We will use an async generator variant to interoperate with async functions used
to fetch data:
// Generators require you to use the `function` syntax
> getInBatches = async function* (parameters = {}) {
// We start with the first page (or a page caller specified)
let page = parameters.page || 1;
let nextPage = true;
// We will loop while there is a next page of document results
// When the function will finish looping, the generator will complete as well
while (nextPage) {
// Override the page parameter to the one we are at, pass all other parameters
// through, to support full functionality of the `get` method (e.g. filtering)
const response = await documentApiClient.get({ ...parameters, page });
// We use the `yield` keyword to return a single result from a generator
// Because the `yield` is used in a loop, it means we will return multiple values
yield ({
documents: response.results,
page: response.page,
totalPages: response.total_pages,
});
// Check if this is the last results page
nextPage = !!response.next_page;
page += 1;
}
}
[AsyncGeneratorFunction: getInBatches]As you can see, we pass all the parameters to the get call – this mean you're free to use
any supported features of the get method, such as using the filter parameter to filter
(see the Prismic documentation
on how to use it):
We can use this kind of generator with a for await ... of loop – it will keep asking for
consecutive elements of the generator until it completes and process them asynchronously
using the provided loop body. This allows us to easily process the documents in batches, using
the pageSize parameter to control the batch size:
> for await (const batch of getInBatches({ pageSize: 2 })) {
console.log("Processing batch:", batch);
}
Processing batch: { ... }
Processing batch: { ... }
Processing batch: { ... }
undefinedThe console.log is a placeholder for whatever processing you might want to do. For example
we could wrap the processing we've done previously into a function and then call it for each
generator element in the loop body:
> var { syncWithMigrationRelease } = await import("./src/import/documents.mjs")
undefined
> processDocuments = async documents =>
documentMapper(documents).then(syncWithMigrationRelease())
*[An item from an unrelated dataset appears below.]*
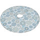 Pretty Christmas tree skirt with a decorative light, pastel, and dark blue coloured floral snowflake pattern design.

[AsyncFunction: processDocuments]
> for await (const batch of getInBatches({ pageSize: 2 })) {
await processDocuments(batch);
}
undefinedAnother option is, as mentioned previously, first saving documents to files, modifying
them by hand, and then updating. A very basic script to save the documents could look
like this (you have to create the documents directory beforehand):
> var fs = await import("node:fs/promises")
undefined
> for await (const batch of getInBatches({ pageSize: 2 })) {
for (const document of batch.documents) {
await fs.writeFile(
`documents/${ document.id }.json`,
JSON.stringify(document, undefined, 2),
{ encoding: "utf-8" }
);
}
}
undefinedAt this point, you would modify the documents in files, then read them back and sync with the migration release. A very basic script to do that could look like this:
> var { glob } = await import("glob")
undefined
> var { pathToFileURL } = await import("node:url")
undefined
> for await (const documentPath of glob.iterate("documents/*.json")) {
const path = pathToFileURL(documentPath)
const document = await fs.readFile(path, { encoding: "utf-8" })
.then(JSON.parse);
// Necessary if you would want to use e.g. `resolveReferences` and `syncAssets`
// to add new assets/links to your documents
document.path = path;
await Promise.resolve({ documents: [ document ]})
.then(syncWithMigrationRelease())
}
undefinedOf course this is code is very simplified and doesn't exhaustively support all the ways
you can modify the documents – for example if you added a new image using a file://...
URL, you will need to discover the assets, sync them with the Media Library and resolve
references to those assets in the documents. It should be relatively simple to do this
by referencing the HTML import example.